▶ _EXERCISE DATA_

════

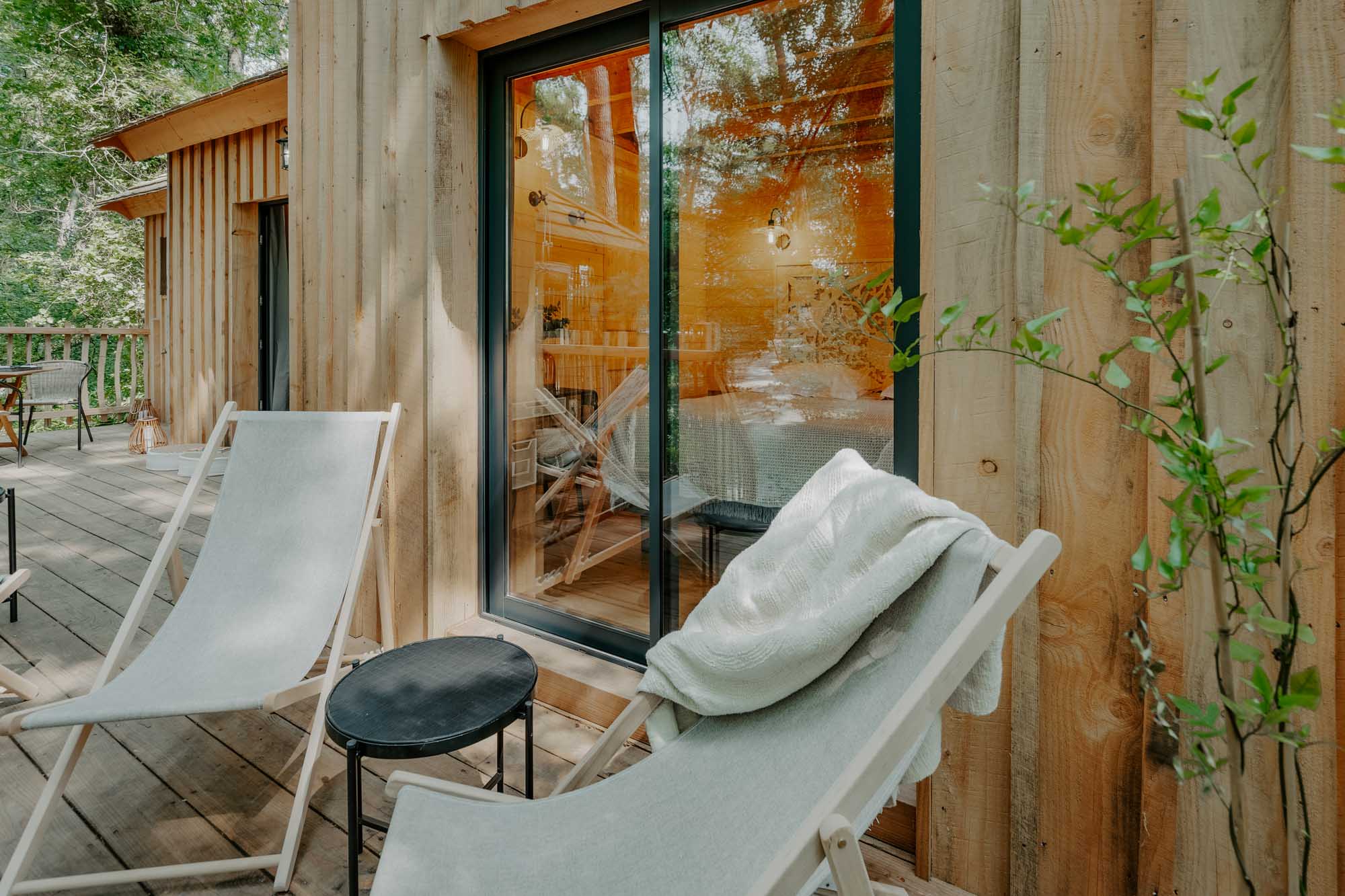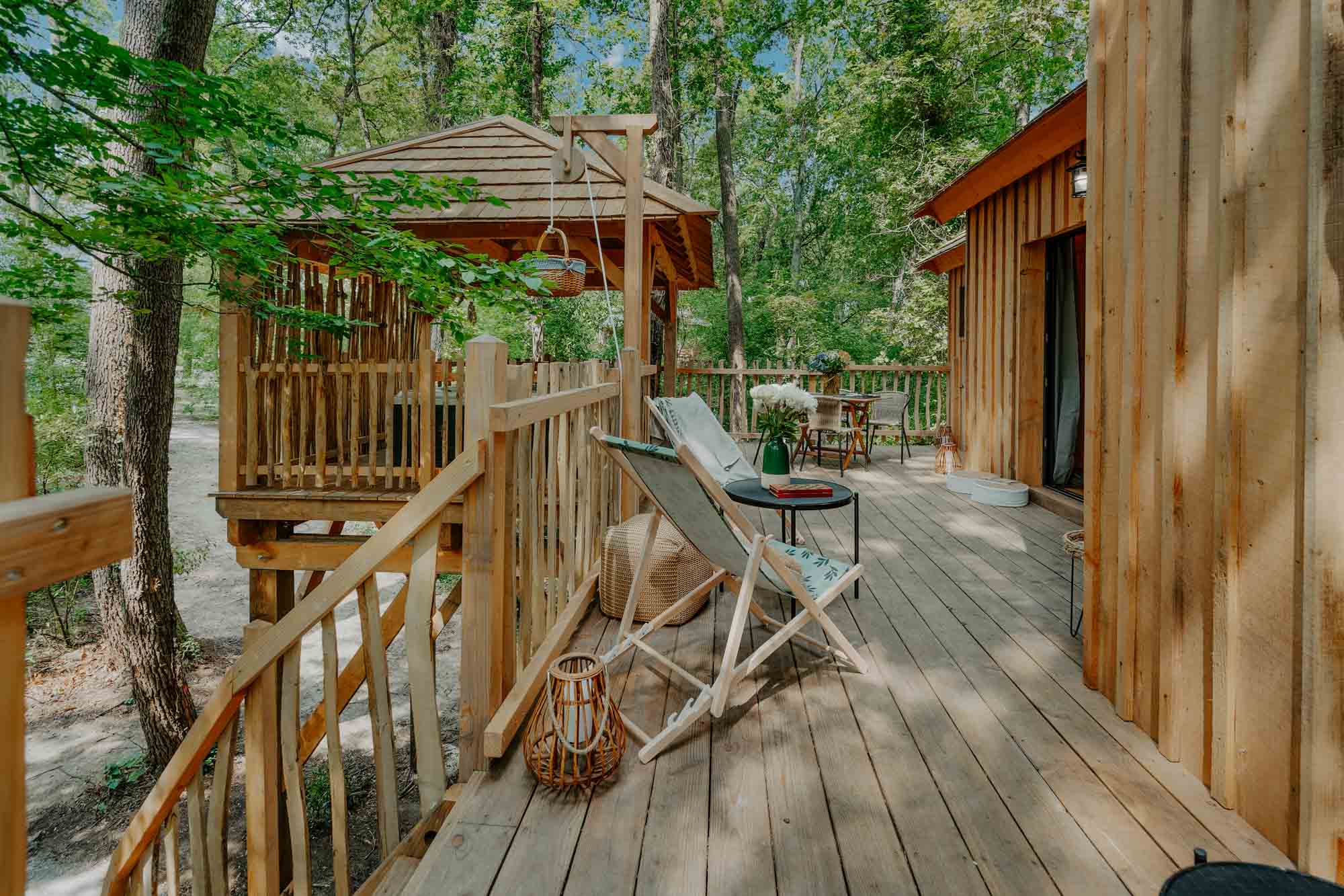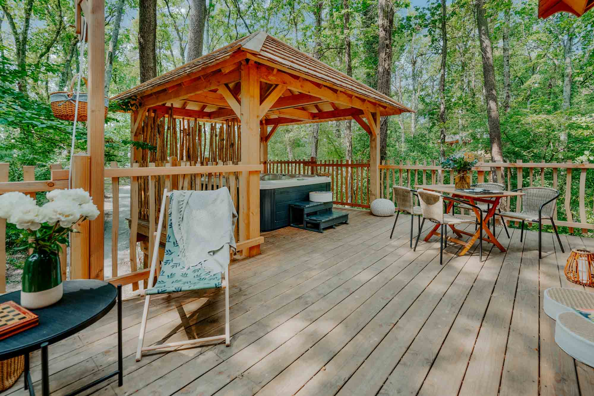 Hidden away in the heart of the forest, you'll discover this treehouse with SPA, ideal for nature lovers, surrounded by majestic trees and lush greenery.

════

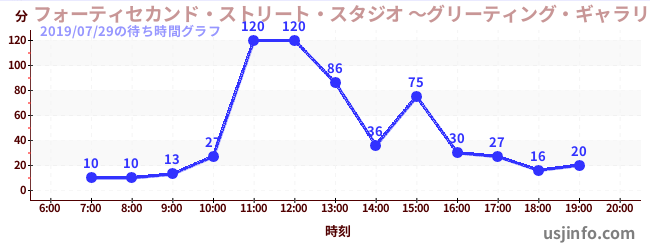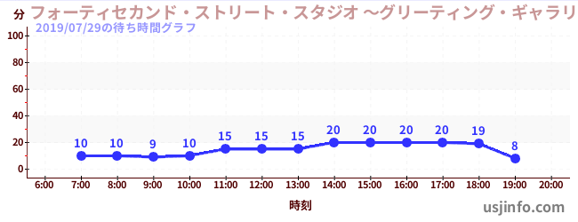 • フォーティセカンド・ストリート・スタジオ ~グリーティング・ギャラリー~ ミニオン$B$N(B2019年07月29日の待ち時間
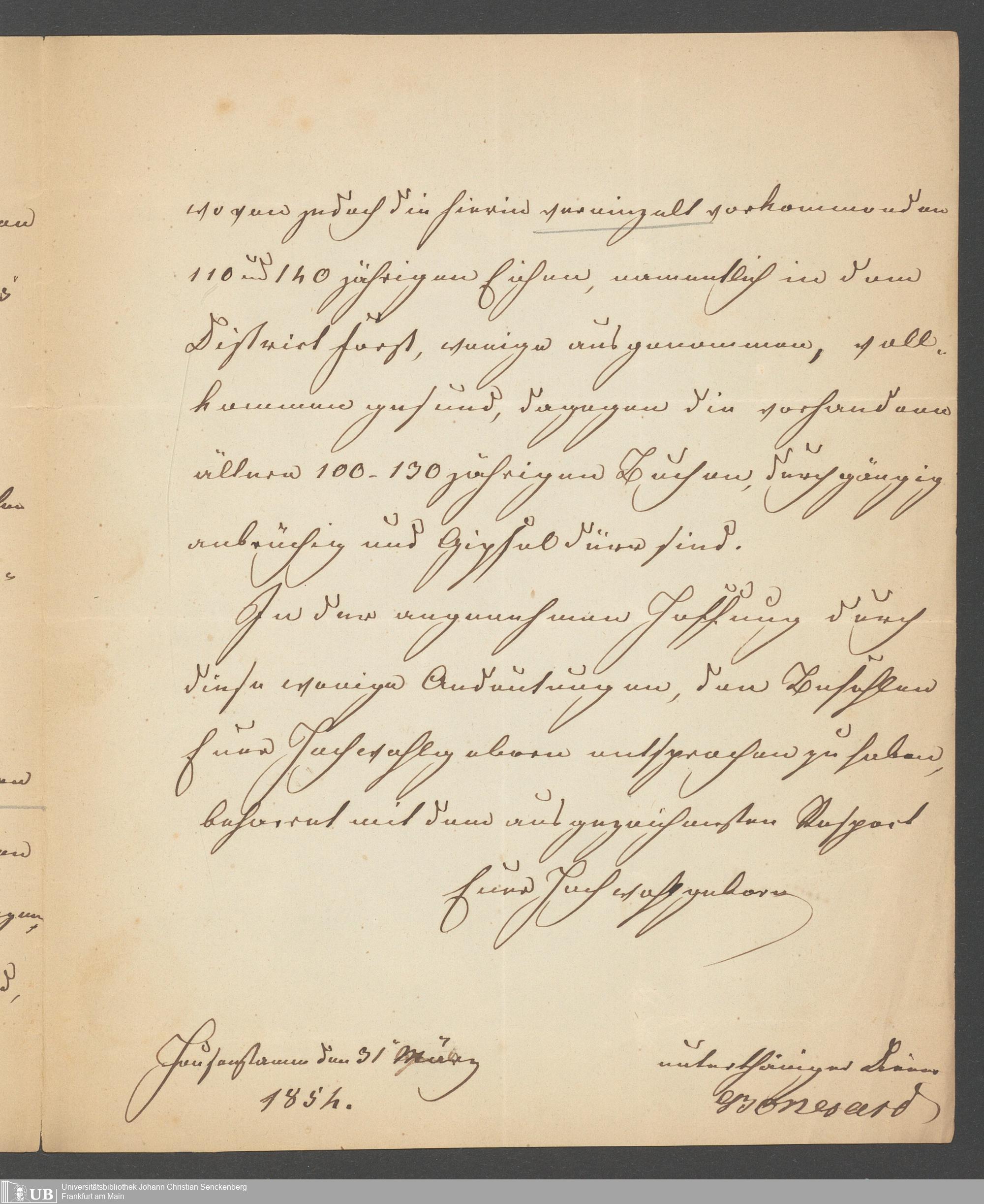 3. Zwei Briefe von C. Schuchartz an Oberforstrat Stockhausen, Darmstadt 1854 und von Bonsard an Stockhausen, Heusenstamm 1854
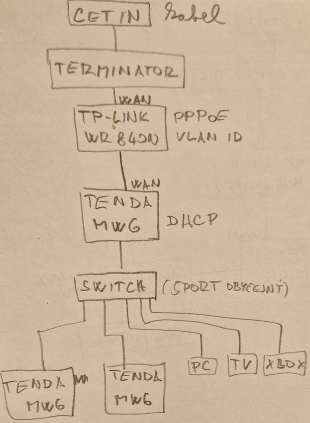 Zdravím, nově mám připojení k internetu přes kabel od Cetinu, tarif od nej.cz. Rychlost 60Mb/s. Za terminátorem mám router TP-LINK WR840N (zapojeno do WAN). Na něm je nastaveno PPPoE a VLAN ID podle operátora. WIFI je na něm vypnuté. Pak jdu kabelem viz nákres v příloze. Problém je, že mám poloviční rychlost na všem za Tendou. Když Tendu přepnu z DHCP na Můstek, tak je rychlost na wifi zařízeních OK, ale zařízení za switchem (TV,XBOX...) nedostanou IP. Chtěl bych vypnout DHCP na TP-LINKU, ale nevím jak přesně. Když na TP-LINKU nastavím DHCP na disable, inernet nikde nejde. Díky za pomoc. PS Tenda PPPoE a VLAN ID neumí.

════

▶ _WHAT TO DO_
Take only the lines above from the one that has "3. Zwei Briefe" through the one that has "Zdravím, nově mám" and reproduce them exactly, omitting any pictures.

▶ _ANSWER TO THE EXERCISE_
 3. Zwei Briefe von C. Schuchartz an Oberforstrat Stockhausen, Darmstadt 1854 und von Bonsard an Stockhausen, Heusenstamm 1854
 Zdravím, nově mám připojení k internetu přes kabel od Cetinu, tarif od nej.cz. Rychlost 60Mb/s. Za terminátorem mám router TP-LINK WR840N (zapojeno do WAN). Na něm je nastaveno PPPoE a VLAN ID podle operátora. WIFI je na něm vypnuté. Pak jdu kabelem viz nákres v příloze. Problém je, že mám poloviční rychlost na všem za Tendou. Když Tendu přepnu z DHCP na Můstek, tak je rychlost na wifi zařízeních OK, ale zařízení za switchem (TV,XBOX...) nedostanou IP. Chtěl bych vypnout DHCP na TP-LINKU, ale nevím jak přesně. Když na TP-LINKU nastavím DHCP na disable, inernet nikde nejde. Díky za pomoc. PS Tenda PPPoE a VLAN ID neumí.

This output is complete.